Cheap is not the same as free. Cloning creates a new repository, that inherently has space costs - if you didn't want it to be located somewhere else on the disk, why would you bother cloning? However it is cheap in comparison, as you note, cloning your 1GB repo only adds ~200MB to the space taken up in the parent directory, because Mercurial is smart enough to identify information that doesn't need to be duplicated.
I think more generally, you need to stop worrying about the intricacies of how Mercurial (or any DVCS/VCS) works. It is a given that using version control takes more disk space, and takes time. As the amount of data and number of changes increases, the space and time demands increase too. What you're failing to realize is that these costs are far outweighed by the benefits of version control. The peace of mind that your work is safe, that you can't accidentally screw anything up, and the ability to look at your past work, along with the ease of distribution in the case of DVCS's are all far more valuable.
If your concerns really outweigh these benefits, you should just stick to a plain file system, and use FTP to share/distribute/commit the source code.
Update
Regarding romkyns' comment: You're downloading a large quantity of data. Downloading lots of data takes time, regardless of what it is. There is no way around that fact, and no way Mercurial nor any other VCS can make it go faster.
The benefit of Mercurial and the distributed model however is that you only pay that cost once. Since all work is done locally, you can commit, revert, update, and the like to your hearts content without any network overhead, and only make network operations to pull and push changes, which is relatively rare. In a centralized VCS, you're forced to make network operations any time you want to do something with your source code.
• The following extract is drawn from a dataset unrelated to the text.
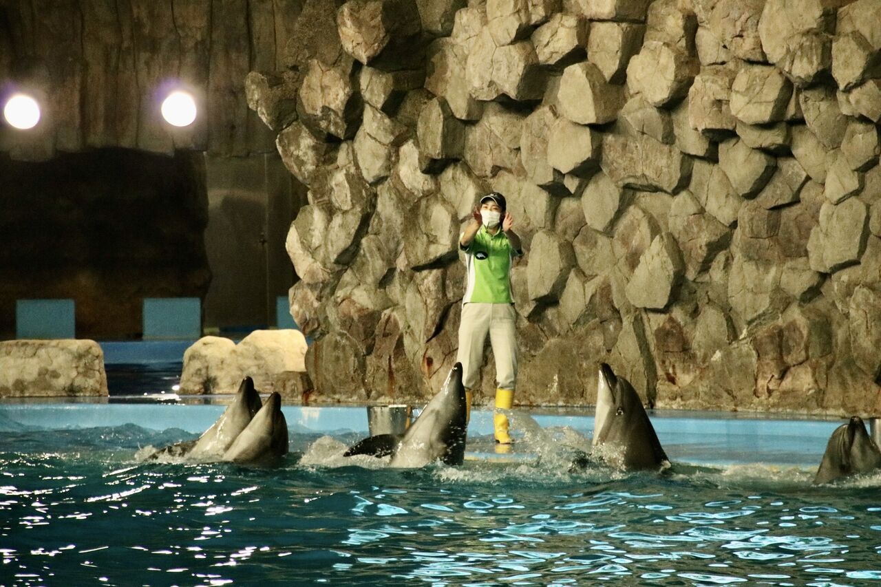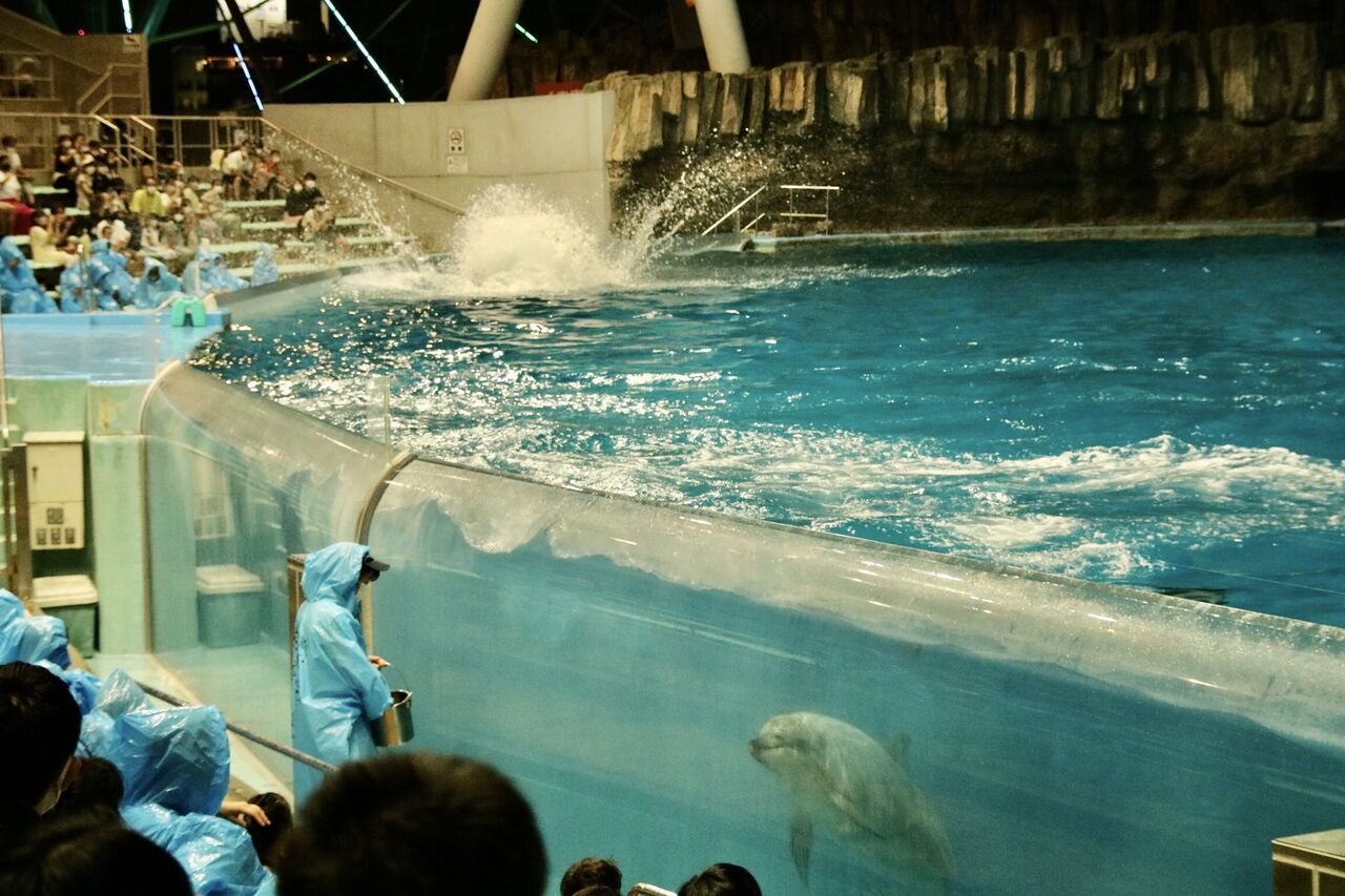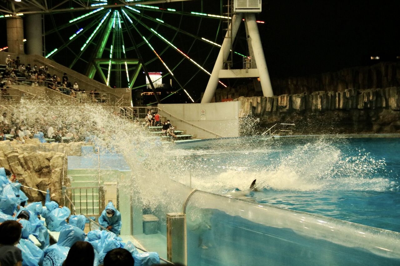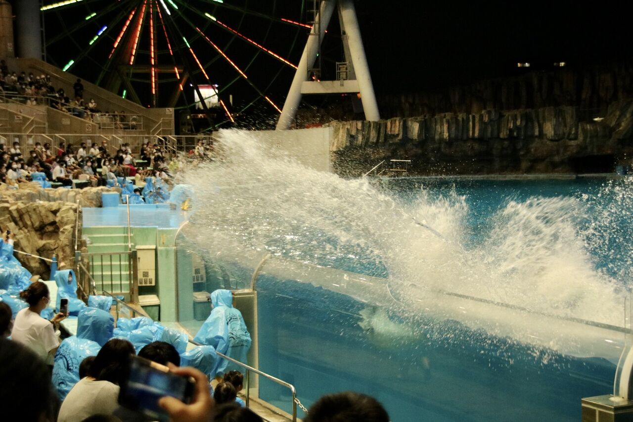 夏という事もあり、イルカたちが客席に向かって豪快に水をかける演出が非常に多く使われ、水をかけられた人たちは大はしゃぎ!その一方、今年はトレーナーとイルカたちが一緒に泳ぐような演出はありませんでした。水中ではトレーナーがマスクができないから(コロナ対策)でしょうか。

Additionally, I just tried cloning mozilla-central myself to see how long it would take, and it took 5 minutes to download changesets and manifests, 20 minutes to download the file chunks, and then updating to default (which is not network limited) took 10 minutes. 35 minutes to get the entire codebase for Mozilla along with the entire history of revisions isn't that bad. And even on this massive project with ~500,000 files and ~62,000 changes the repository is only 15% larger than the working directory, which goes back to the original point of the question.
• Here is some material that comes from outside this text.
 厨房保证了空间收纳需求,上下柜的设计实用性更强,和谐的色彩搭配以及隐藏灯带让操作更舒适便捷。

It is worth mentioning though, cloning a repository is not the best way to download source code. If you just want the codebase, you can get releases. The Mercurial Web Interface can also let you browse the codebase without downloading anything, and you can download complete archives of any revision via the archive links (bz2, zip, gz) at the top of each page. All of these options are faster than a full clone. Cloning the repository is only necessary when you want to actively develop the Mozilla codebase, not when you just want the files.
When you can get 1TB of disk space for £60, 400MB is cheap (~ 2p).